§ ACTIVITY
Leaving the pictures aside, repeat each line below exactly.

§ DATASET CONTENT

= = = = =

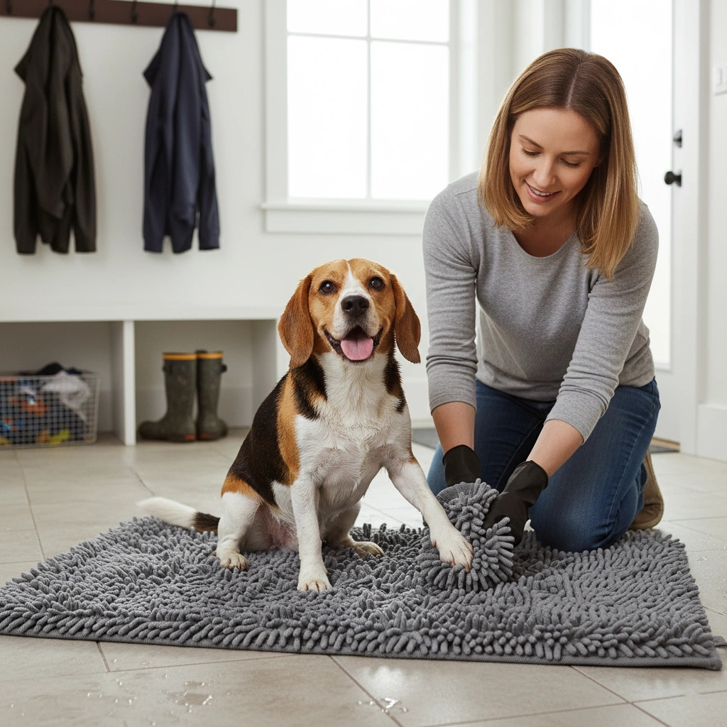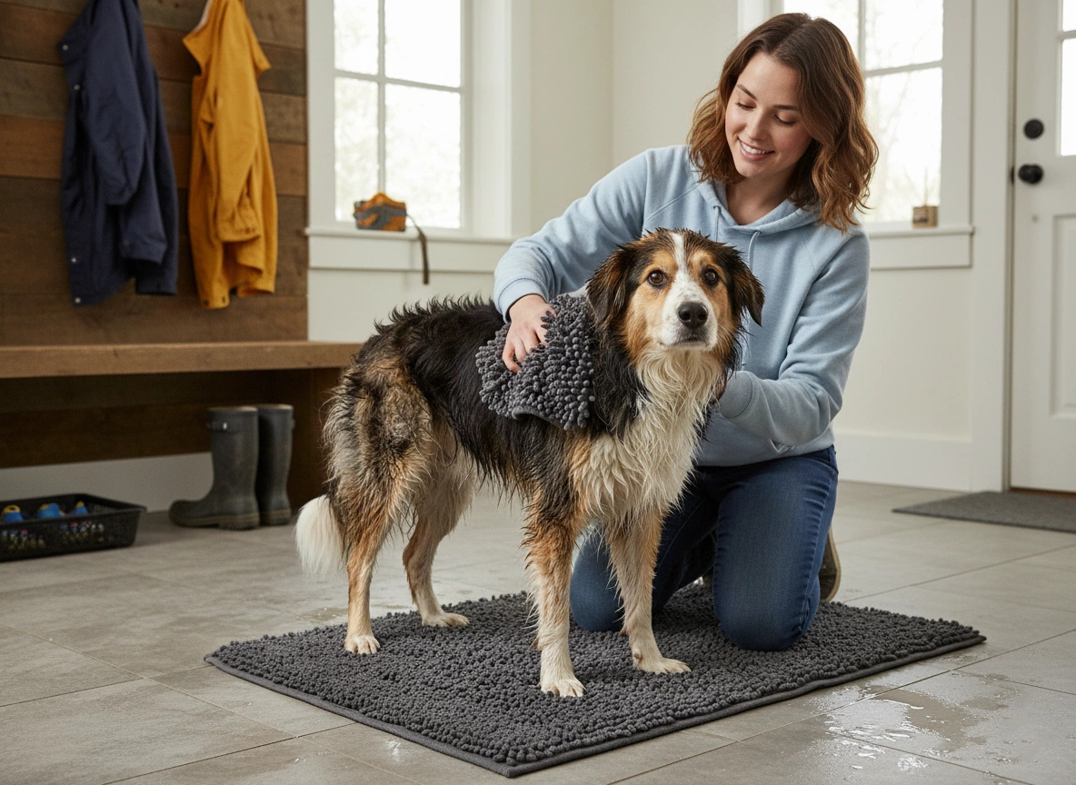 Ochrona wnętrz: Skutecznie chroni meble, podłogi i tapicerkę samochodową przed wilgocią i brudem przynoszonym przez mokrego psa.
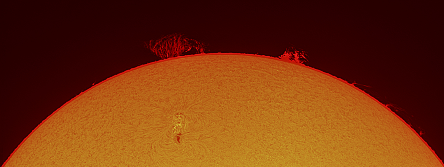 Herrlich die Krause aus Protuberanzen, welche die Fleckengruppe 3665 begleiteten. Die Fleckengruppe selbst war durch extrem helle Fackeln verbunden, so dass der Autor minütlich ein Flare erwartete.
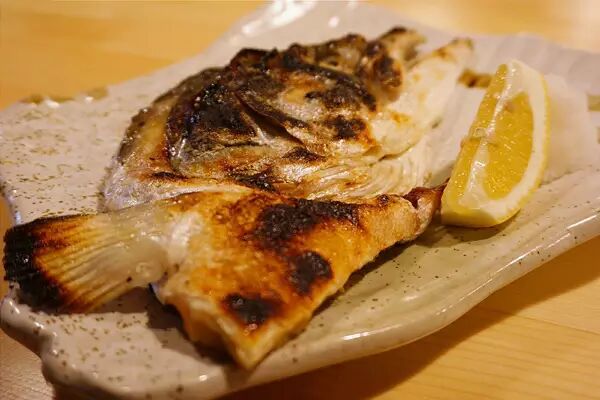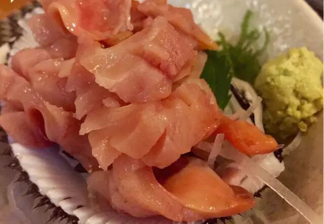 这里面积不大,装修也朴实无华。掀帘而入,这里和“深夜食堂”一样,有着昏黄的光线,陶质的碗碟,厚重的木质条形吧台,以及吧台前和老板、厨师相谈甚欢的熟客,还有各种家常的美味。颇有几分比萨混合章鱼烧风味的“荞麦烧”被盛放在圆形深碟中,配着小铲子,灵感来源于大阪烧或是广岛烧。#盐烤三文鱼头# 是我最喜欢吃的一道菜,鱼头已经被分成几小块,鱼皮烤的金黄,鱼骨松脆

= = = = =

§ ANSWER
 Ochrona wnętrz: Skutecznie chroni meble, podłogi i tapicerkę samochodową przed wilgocią i brudem przynoszonym przez mokrego psa.
 Herrlich die Krause aus Protuberanzen, welche die Fleckengruppe 3665 begleiteten. Die Fleckengruppe selbst war durch extrem helle Fackeln verbunden, so dass der Autor minütlich ein Flare erwartete.
 这里面积不大,装修也朴实无华。掀帘而入,这里和“深夜食堂”一样,有着昏黄的光线,陶质的碗碟,厚重的木质条形吧台,以及吧台前和老板、厨师相谈甚欢的熟客,还有各种家常的美味。颇有几分比萨混合章鱼烧风味的“荞麦烧”被盛放在圆形深碟中,配着小铲子,灵感来源于大阪烧或是广岛烧。#盐烤三文鱼头# 是我最喜欢吃的一道菜,鱼头已经被分成几小块,鱼皮烤的金黄,鱼骨松脆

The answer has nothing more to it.